09E36255-F46A-4A52-977E-F09C1D6ACE9D An image by American photographer Joseph Roger O’Donnell that Pope Francis is circulating during the 2017 holidays, under the heading “The fruits of war.” (Credit: Vatican Press Office.)

 だから、教皇が、新年の休暇に向けて、裏面に「戦争がもたらしたもの」とご自身がサインした写真入りカードを印刷し、配布してくれるよう頼んだとしても、別に驚くことではない。

 このカードの表面には、米国の写真家ジョセフ・ロジャー・オドネルが原爆が広島と長崎に投下された後、海兵隊員として四年間、日本に勤務した時に撮影した写真が印刷されている。被爆直後の長崎で、亡くなった弟をおぶった日本人の少年が火葬場の前に立ち尽くしている写真だ。

 説明書きには、「この少年の悲しみを、ただ、唇をかみしめた姿が教えています。唇からは血がにじみでているのです」とある。

 また、この写真の少年の姿が、北朝鮮が核兵器を使用すると脅し、トランプ米大統領が、そのようなことをすれば米国は「炎と怒り」で報復する、とやり返して、世界が核戦争に巻き込まれる瀬戸際にたつ今、教皇のカードとして配られることにも意味がある。

 この姿は、今日の「第三次世界大戦」として批判し続けている教皇フランシスコの姿と重なる。教皇はまた、戦いの矢面に立たされる少年兵を含む、紛争に苦しめられている子供たちの不条理について声を上げている。

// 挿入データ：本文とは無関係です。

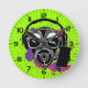 Customisable magneta pink dubstep DJ or graffiti artist gasmask with headphones and sunglases.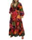 New Long Sleeve Deep V Colorful Print Dress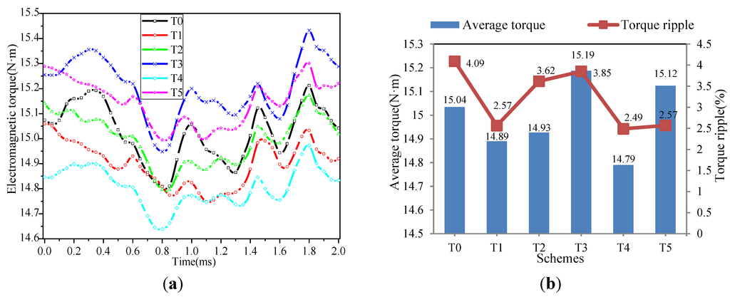 The electromagnetic torques of machines with different rotor teeth shapes at 600 rpm excited by 15.4 A current are given in Figure 16a. The statistics on average electromagnetic torques and torque ripples are summarized in Figure 16b. As shown in Figure 16b, the schemes of T3 and T5 have higher electromagnetic torque than the other four schemes due to their smaller air-gap lengths. On the contrary, the schemes of T1, T4 and T5 have better suppression effect on the torque ripple while the electromagnetic torques change little.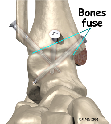 It is important when the surfaces are removed that the angles of the cut surfaces are correct. When the tibia is brought against the talus, the foot should be at a right angle to the lower leg. Once the cuts are made the bones must be held in place while they fuse. This can be done using large metal screws and metal plates if necessary. The screws are usually under the skin and are not removed unless they begin to rub and cause pain.
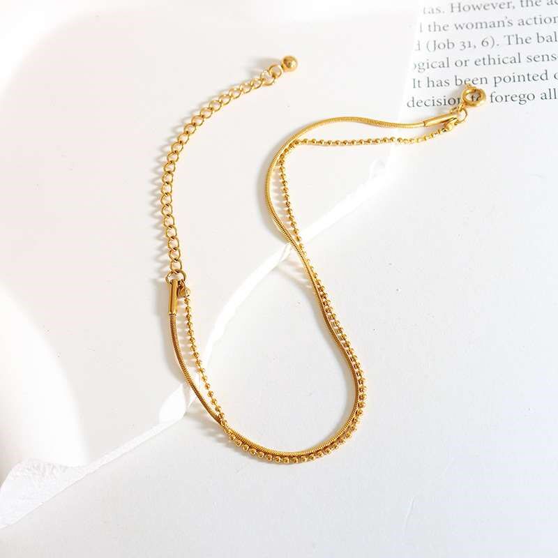 Ins Minimalist Brlet Double-layer Flat Snake Chain Rice Bead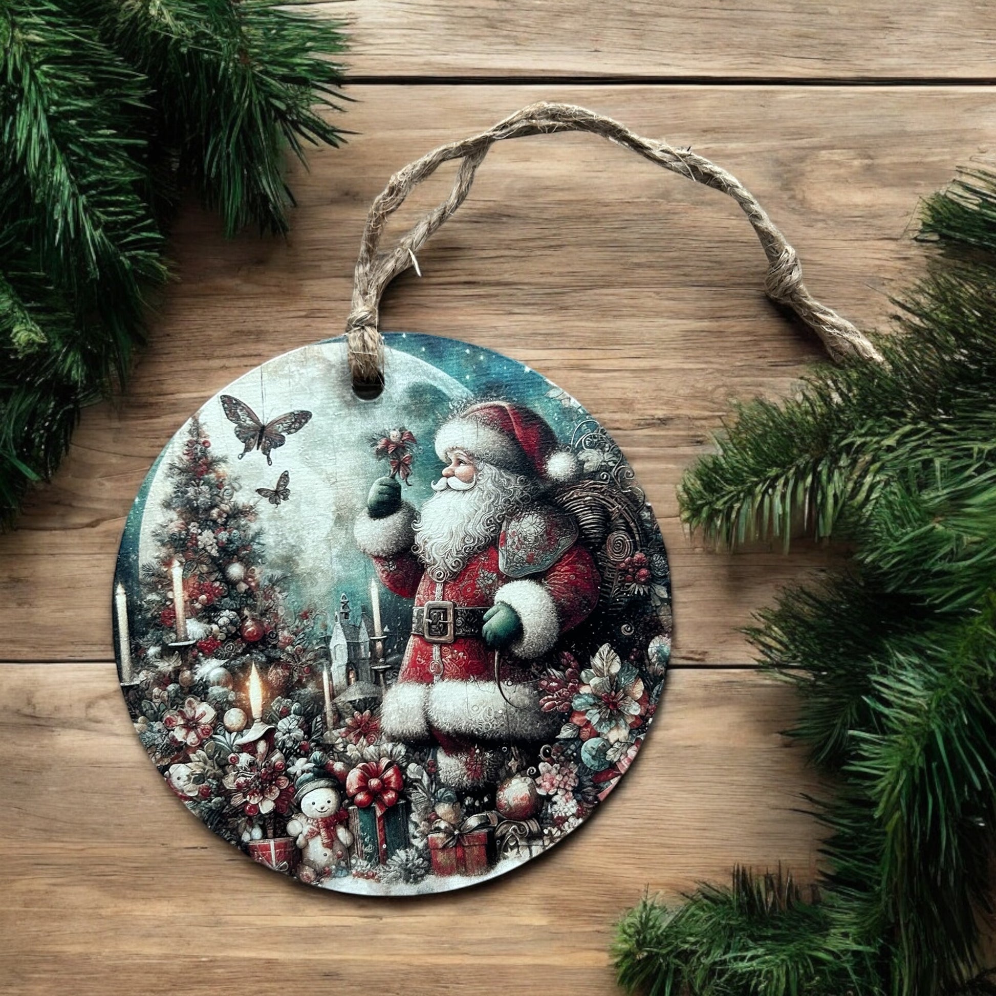 Vintage Santa with Butterfly - Wood Christmas Ornament

 2017年11月、バチカンが主催して、ノーベル平和賞受賞者などを集めた国際核軍縮会議を開いた。その会議で、教皇フランシスコは「いかなる形の核の使用も、人類と環境に破滅的な影響を与える」と警告している。教皇はまた、「軍事力や脅し、武器の蓄積に、国際関係が囚われるべきではありません」とし、「核兵器は誤った安全保障の考え以外に何も作り出さない。それを使用する脅しは、保持することと同様、きっぱりと断罪すべきです」と訴えている。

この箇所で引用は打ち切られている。